■ Assigned task: When you copy the material below, keep every line exact and drop the pictures.

■ Provided material:
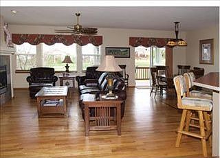 Impeccably maintained ranch on 2d fairway at Heritage Eagle Bend. Hardwood and stained trim and doors create a warm, comfortable ambiance. Upgraded tile floors in the bathrooms. Attractive Corian counters in the kitchen for easy maintenance. Most closets, regular and walk-in have extra built-ins. Finished basement with fireplace. Ownership of this special home includes access to the clubhouse with pools, tennis, updated workout facility and the Eagle's Nest restaurant.
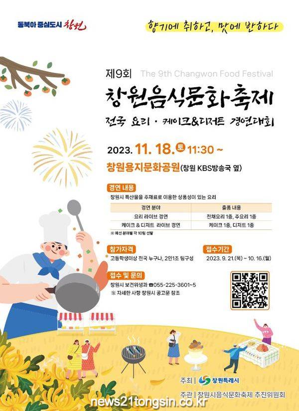 창원특례시(시장 홍남표)는 제9회 창원음식문화축제 전국 요리경연대회 참가자를 9월 21일부터 10월 16일까지 모집한다고 밝혔다.
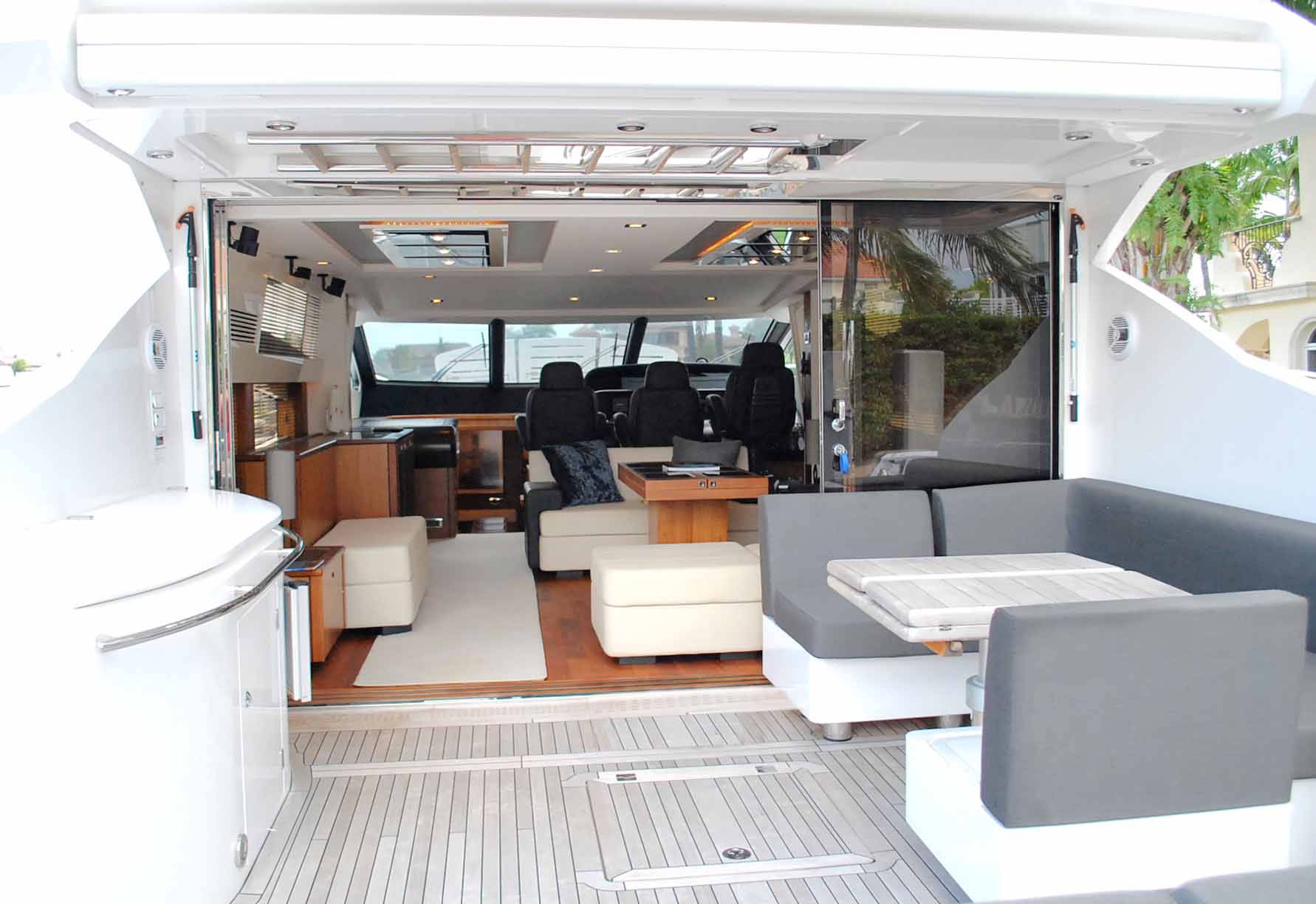 Other great features of the M/Y EAGLE II include a beautiful deck saloon with a u shaped lounge for relaxing which also has and extendable table for interior dining. Furhter forward, guests can watch the captain cruise to the next destination or perhaps even sit on one of the 3 Captain chairs.
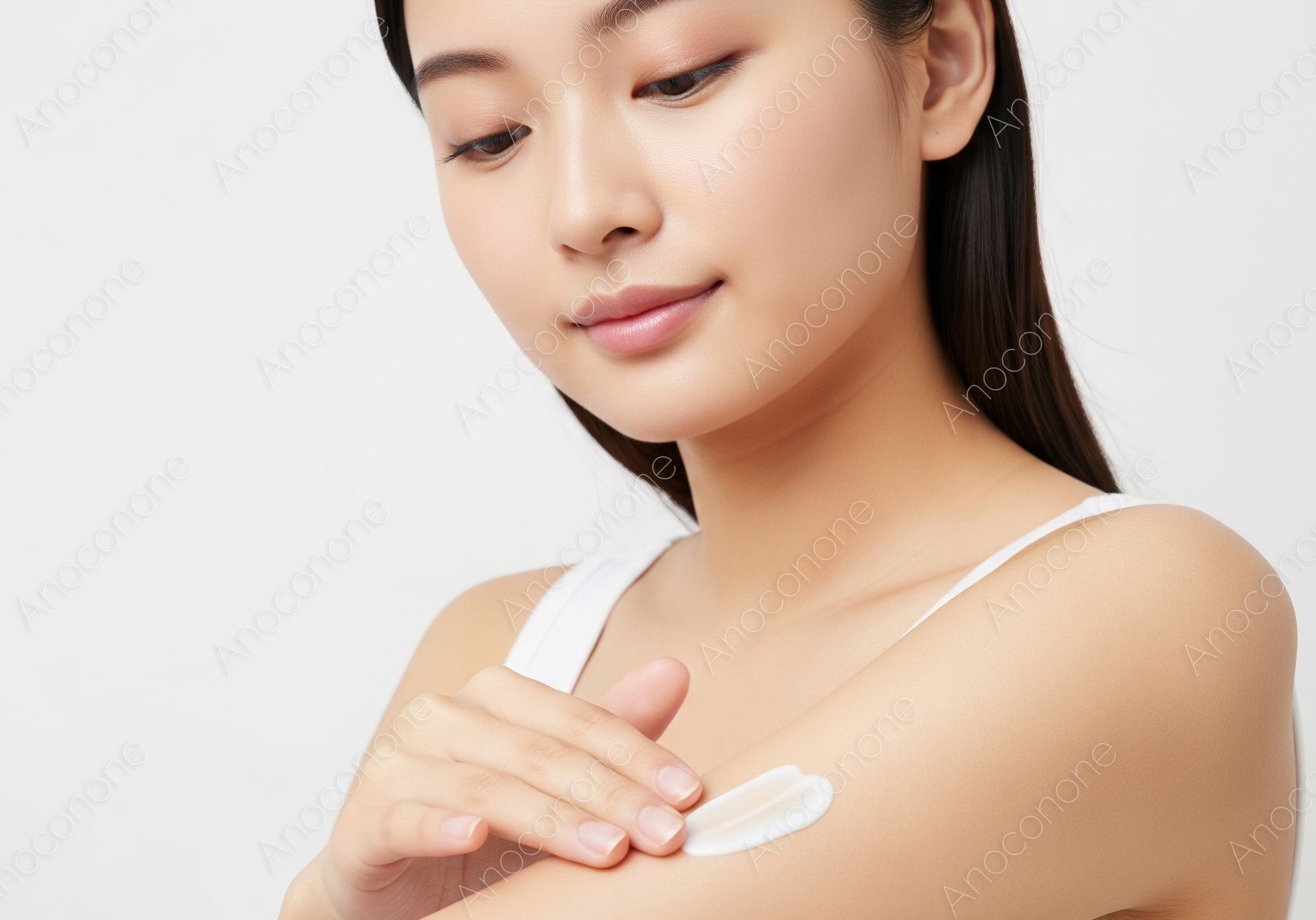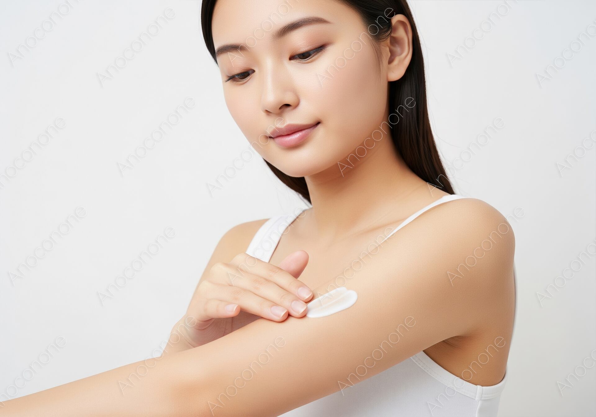 画像素材:清潔感のある白いタンクトップを着用した女性が、自身の腕に白い保湿クリームを乗せて丁寧に塗り広げている場面です。視線を自分の腕に落とし、クリームを肌に馴染ませることに集中している表情からは、日々のセルフケアを大切にしている様子が伺えます。健康的でキメの整った滑らかな肌が強調されており、潤いに満ちた健やかな美肌を視覚的に訴えかける構成です。明るく均一なライティングが施されているため、商品のテクスチャーや肌のコンディションが非常に分かりやすく、信頼感のあるビジュアルに仕上がっています。余計な背景を排したシンプルな構図により、被写体の美しさとケアの動作に自然と視線が集まります。ボディローションやハンドクリームの広告素材、美容情報サイトのコラム、エステサロンの販促用ビジュアルなど、美容に関する幅広い媒体で効果的に活用いただけます。丁寧な暮らしや自分磨きを提案するコンテンツ制作に最適な一枚です。

■ Response:
 Impeccably maintained ranch on 2d fairway at Heritage Eagle Bend. Hardwood and stained trim and doors create a warm, comfortable ambiance. Upgraded tile floors in the bathrooms. Attractive Corian counters in the kitchen for easy maintenance. Most closets, regular and walk-in have extra built-ins. Finished basement with fireplace. Ownership of this special home includes access to the clubhouse with pools, tennis, updated workout facility and the Eagle's Nest restaurant.
 창원특례시(시장 홍남표)는 제9회 창원음식문화축제 전국 요리경연대회 참가자를 9월 21일부터 10월 16일까지 모집한다고 밝혔다.
 Other great features of the M/Y EAGLE II include a beautiful deck saloon with a u shaped lounge for relaxing which also has and extendable table for interior dining. Furhter forward, guests can watch the captain cruise to the next destination or perhaps even sit on one of the 3 Captain chairs.
 画像素材:清潔感のある白いタンクトップを着用した女性が、自身の腕に白い保湿クリームを乗せて丁寧に塗り広げている場面です。視線を自分の腕に落とし、クリームを肌に馴染ませることに集中している表情からは、日々のセルフケアを大切にしている様子が伺えます。健康的でキメの整った滑らかな肌が強調されており、潤いに満ちた健やかな美肌を視覚的に訴えかける構成です。明るく均一なライティングが施されているため、商品のテクスチャーや肌のコンディションが非常に分かりやすく、信頼感のあるビジュアルに仕上がっています。余計な背景を排したシンプルな構図により、被写体の美しさとケアの動作に自然と視線が集まります。ボディローションやハンドクリームの広告素材、美容情報サイトのコラム、エステサロンの販促用ビジュアルなど、美容に関する幅広い媒体で効果的に活用いただけます。丁寧な暮らしや自分磨きを提案するコンテンツ制作に最適な一枚です。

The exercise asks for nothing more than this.